■ **ACTIVITY**:
Whatever appears in the records, retype it exactly, except for the pictures.

————————

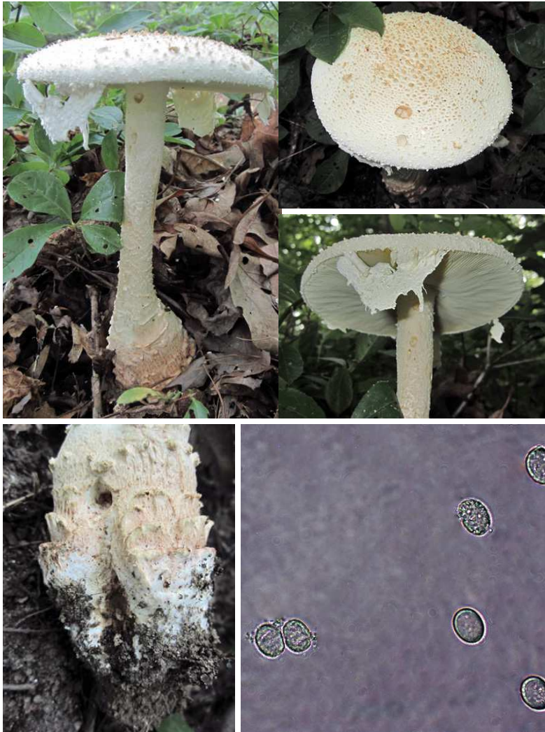
OVERALL: Rocky Gorge, 7/18/2014, TOP: Rocky Gorge, 7/18/2014, STALK, VEIL, and GILLS: Rocky Gorge, 7/18/2014, ROOTED BULB: Rocky Gorge, 7/18/2014, SPORES (8.6 – 9.8 X 6.7 – 7.5 µm): Rocky Gorge, 7/18/2014
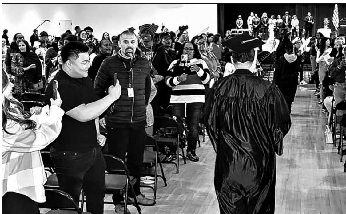
More than 100 students from SCOE's Community School and Senior Extension programs received their diplomas in a ceremony this January.

because a community surrounded you, they lifted you, they pushed you – and they believed that you were worth the investment."
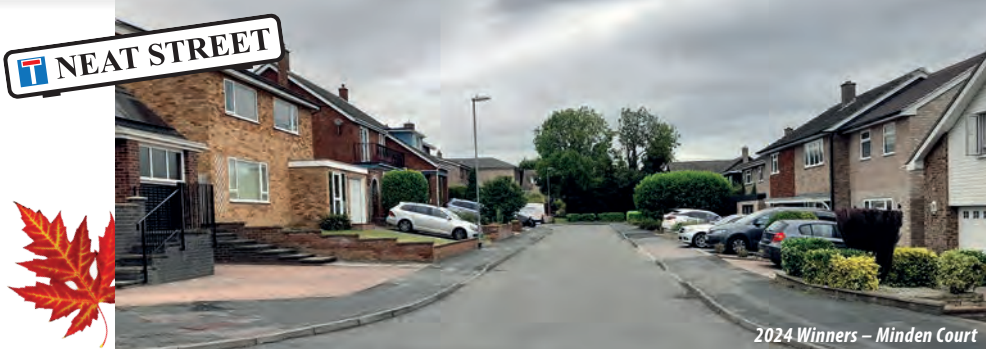
2024 Winners – Minden Court
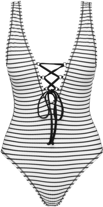
Robin Piccone Sailor Stripe Lace Up One Piece, $148 , robinpiccone.com
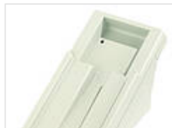
Table stand BOS 900-903 / BOS 910-913
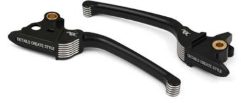
Neo Fusion Lever set Black/Machine 2015 up Softail Model(ex CVOmodel) 2-502
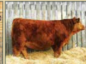
Paternal Sister TPP Crocus 21E
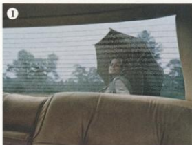
Electric rear window defroster.
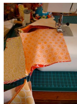
Friday 19 th January

Booking day Friday 5 th January From 9.30am in person From 11.30am on the phone
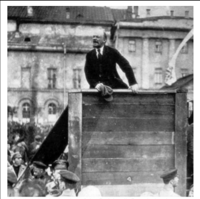
Vladimir Lenin, leader of the Bolshevik Revolution in 1917 speaking to troops in 1920.

https://commons.wikimedia.org/wiki/File:Nicholas_II_by_Boissonnas_ %26_Eggler_c1909.jpg
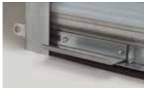
SLIDE BOLT LOCK
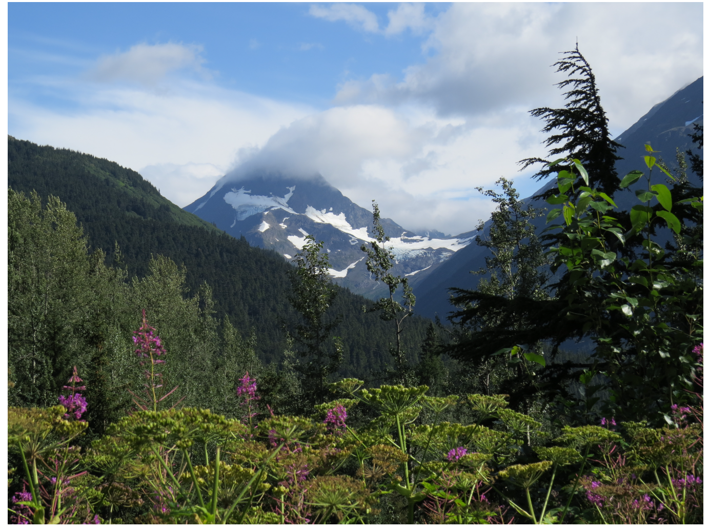
"Scenic Alaska Mountains" by Accretion Disc is licensed with CC BY 2.0. To view a copy of this license, visit https://creativecommons.org/licenses/by/2.0/
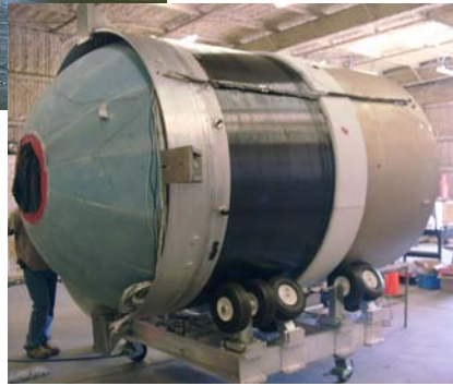
Integrated Stage 2 Being Readied for Test
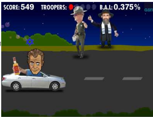
Figure 1: The political cartoon (left) and computer game (right) describing Mel Gibson's run in with the law do little more than summarize the the news event in a humorous way [16].

cartoon that contains the characteristics of a good Political Cartoon [24]. By trivializing the specific current event, the author uses the story as a tool to make a statement of lasting significance about the media's obsession with celebrity culture. The cartoon does more than merely summarize the event with caricatures as seen in figure 1.
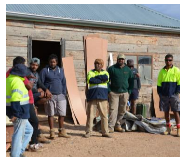
Trend in involvement of Aboriginal people in natural resource management

In South Australia the unemployment rate of Aboriginal people was about three times higher than for non-Aboriginal people, between 2005-11. The Government of South Australia aims to increase Aboriginal employment in all public sector agencies to at least 2 per cent across all levels. DEWNR has an additional target to increase Aboriginal employment by 20 per cent by 2018 in the Alinytjara Wilurara NRM region, including contractors and casual staff.
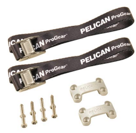
TDKIT Tie Down Kit

23215 Early Ave • Torrance, CA 90505 USA • Phone: (310) 326-4700 • (800) 473-5422 • Fax: (310) 326-3311 sales@pelican.com • www.pelican.com
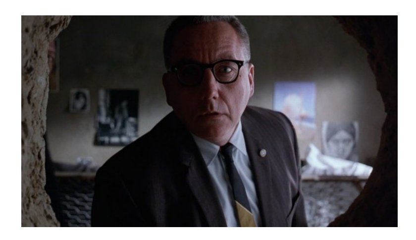
115 - The Warden, furious Andy has disappeared without a trace, throws Andy's chess pieces at the Raquel Welch poster and discovers a gigantic hole in the wall. Andy has tunneled out and escaped from Shawshank.
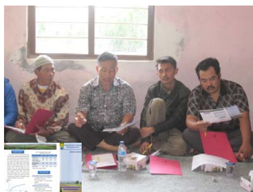
Fig. 3. Field seminar participants reading the information leaflet (inset) written in the local language

URL: http://www.jircas.affrc.go.jp/english/manual/horse_manure/horse_manure.pdf
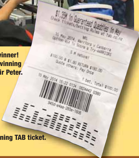
The winning TAB ticket.
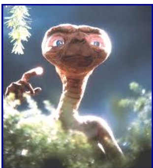
The Other ET

Matthew 19:26 NIV "Jesus looked at them and said, 'With man this is impossible, but with God all things are possible'."

————————

■ **RESULT OF THE EXERCISE**:
OVERALL: Rocky Gorge, 7/18/2014, TOP: Rocky Gorge, 7/18/2014, STALK, VEIL, and GILLS: Rocky Gorge, 7/18/2014, ROOTED BULB: Rocky Gorge, 7/18/2014, SPORES (8.6 – 9.8 X 6.7 – 7.5 µm): Rocky Gorge, 7/18/2014
More than 100 students from SCOE's Community School and Senior Extension programs received their diplomas in a ceremony this January.

because a community surrounded you, they lifted you, they pushed you – and they believed that you were worth the investment."
2024 Winners – Minden Court
Robin Piccone Sailor Stripe Lace Up One Piece, $148 , robinpiccone.com
Table stand BOS 900-903 / BOS 910-913
Neo Fusion Lever set Black/Machine 2015 up Softail Model(ex CVOmodel) 2-502
Paternal Sister TPP Crocus 21E
Electric rear window defroster.
Friday 19 th January

Booking day Friday 5 th January From 9.30am in person From 11.30am on the phone
Vladimir Lenin, leader of the Bolshevik Revolution in 1917 speaking to troops in 1920.

https://commons.wikimedia.org/wiki/File:Nicholas_II_by_Boissonnas_ %26_Eggler_c1909.jpg
SLIDE BOLT LOCK
"Scenic Alaska Mountains" by Accretion Disc is licensed with CC BY 2.0. To view a copy of this license, visit https://creativecommons.org/licenses/by/2.0/
Integrated Stage 2 Being Readied for Test
Figure 1: The political cartoon (left) and computer game (right) describing Mel Gibson's run in with the law do little more than summarize the the news event in a humorous way [16].

cartoon that contains the characteristics of a good Political Cartoon [24]. By trivializing the specific current event, the author uses the story as a tool to make a statement of lasting significance about the media's obsession with celebrity culture. The cartoon does more than merely summarize the event with caricatures as seen in figure 1.
Trend in involvement of Aboriginal people in natural resource management

In South Australia the unemployment rate of Aboriginal people was about three times higher than for non-Aboriginal people, between 2005-11. The Government of South Australia aims to increase Aboriginal employment in all public sector agencies to at least 2 per cent across all levels. DEWNR has an additional target to increase Aboriginal employment by 20 per cent by 2018 in the Alinytjara Wilurara NRM region, including contractors and casual staff.
TDKIT Tie Down Kit

23215 Early Ave • Torrance, CA 90505 USA • Phone: (310) 326-4700 • (800) 473-5422 • Fax: (310) 326-3311 sales@pelican.com • www.pelican.com
115 - The Warden, furious Andy has disappeared without a trace, throws Andy's chess pieces at the Raquel Welch poster and discovers a gigantic hole in the wall. Andy has tunneled out and escaped from Shawshank.
Fig. 3. Field seminar participants reading the information leaflet (inset) written in the local language

URL: http://www.jircas.affrc.go.jp/english/manual/horse_manure/horse_manure.pdf
The winning TAB ticket.
The Other ET

Matthew 19:26 NIV "Jesus looked at them and said, 'With man this is impossible, but with God all things are possible'."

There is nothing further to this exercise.